Теперь уже без мужа своего, который чересчур много знал.
Но ей тоже отказали...
7
Вот он сбежал от всех – в леса, за болота, на благостную природу, чтобы утихнуть душою и расслабиться, раз и навсегда.
Завел дом с садом, завел кур с гусями, а вокруг тишина такая, такое вокруг благословение Божие, хоть садись на приступочку, обмякай сердцем, облегчайся легкими слезами.
Гуси забрались в сени, сглотали в один присест два килограмма мелких гвоздей. Сглотали – и подохли в мучениях.
Тогда он завел поросенка, скормил ему мешок картошки – не толстеет. Скормил другой – еще хуже. Поросенок был тощий, костлявый, на длинных ногах, оброс, как собака, густой щетиной, в холода отморозил задние ноги и ходил на двух передних.
Пришлось прирезать с убытком.
Купил другого поросенка, пошил ему ватный жилет на молнии, а тот застрял теплым жилетом в колючей проволоке и ночью замерз.
Но он не сдался и купил по знакомству заморского петуха. Для породы. Куры его невзлюбили, ночами устраивали 'темную', днем бегали к плебею Петьке, и цыплята вырастали мелкие, драчливые и невыгодные.
Тогда он подсобрал деньжат и купил корову.
На рынке она доилась – дома перестала.
Корова есть – молока нет.
– Ничего, – сказал сосед слева. – Нашлись деньги на корову, найдутся и на молоко.
– Охо-хо, – сказал сосед справа. – Абарбарчукам тоже несладко.
И ему снова захотелось бежать: куда-то и от кого-то.
Была ночь.
Он проснулся на кровати.
Лицом к сетке, носом в одну из ее ячеек.
Было ему душно.

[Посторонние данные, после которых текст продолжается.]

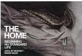
ルームウェアライン「THE HOME」
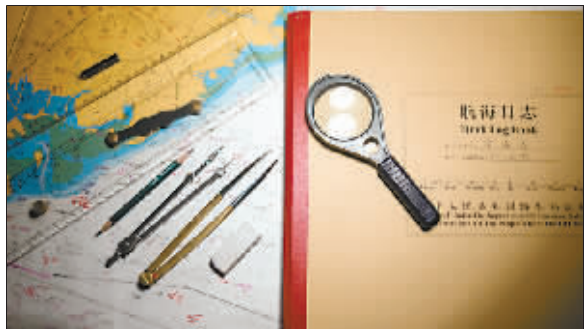
金海发货轮的航海日志。
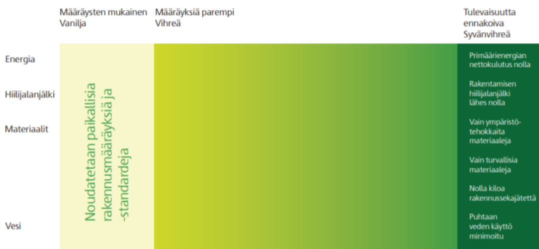
KUVIO 4. Skanska väripaletin tasot. Väripaletti 2017

Väripaletin arvionnissa otetaan huomioon neljä eri kategoriaa ks. kuvio 4, liite 2, joista pakollisina ovat energian ja hiilen osa-alueet. Tuotannon kannalta tärkeimmät osa-alueet vaikutusmahdollisuuksien kannalta ovat materiaalien ja jätteiden osa-alueet (Väripaletti 2017).
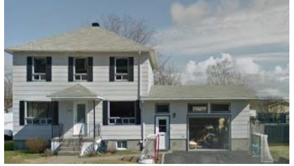
Immeuble du 610, boulevard Jolliet à Baie-Comeau

Cette acquisition permettra de répondre à des besoins liés à la situation de la COVID-19, incluant les besoins en ressources humaines, dont les médecins dépanneurs. Ce bâtiment est situé à moins de 100 mètres de l'Hôpital Le Royer.
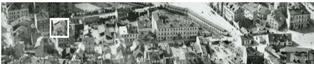
Fragment panoramy Lublina, lata 30., ul. Nadstawna/ A fragment of panorama of Lublin in the 1930s, Nadstawna street,
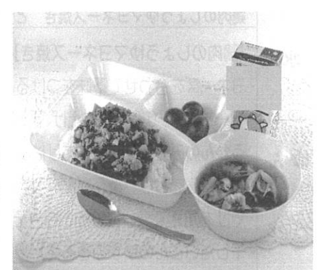
優秀賞 吉野小学校 5年2組給食委員会
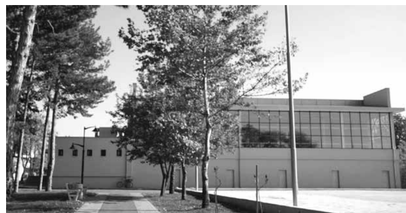
В Спортна зала „Аетос“ ще тренират и ще се състезават ВК „Айтос“ и БК „Вихър“ – Айтос
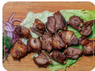
Шашлык из баранины

Было погано. Тяжко и неукладисто на ржавых переплетениях.
Кто-то трогал его за плечо, не грубо еще, но уже настойчиво, свет от фонарика зайчиком скакал по стенам.
– Вставай, – приказали.
– А зачем?
– Вставай, не то хуже будет.
Он перевернулся на спину, ладонью прикрыл глаза.
– Ишь ты, – сказали сверху. – Ну и носяра!
Это была милиция. Скорее всего, двое.
– Ты кто?
– Абарбарчук.
Подумали:
– Это чего? Фамилия или должность?
– Фамилия.
– А по паспорту?
– И по паспорту.
– Пошли в отделение.
Встал с кровати, возвысился над ними, и они даже попятились в изумлении.
Их, и правда, было двое.
– Не баловать, – пригрозил один. – Если не хочешь.
– Не хочу, – сказал Абарбарчук.
Спала на лежанке вечная вдова Маня.
Сидел за столом Лазуня Розенгласс, альбом был раскрыт на самой на последней на странице.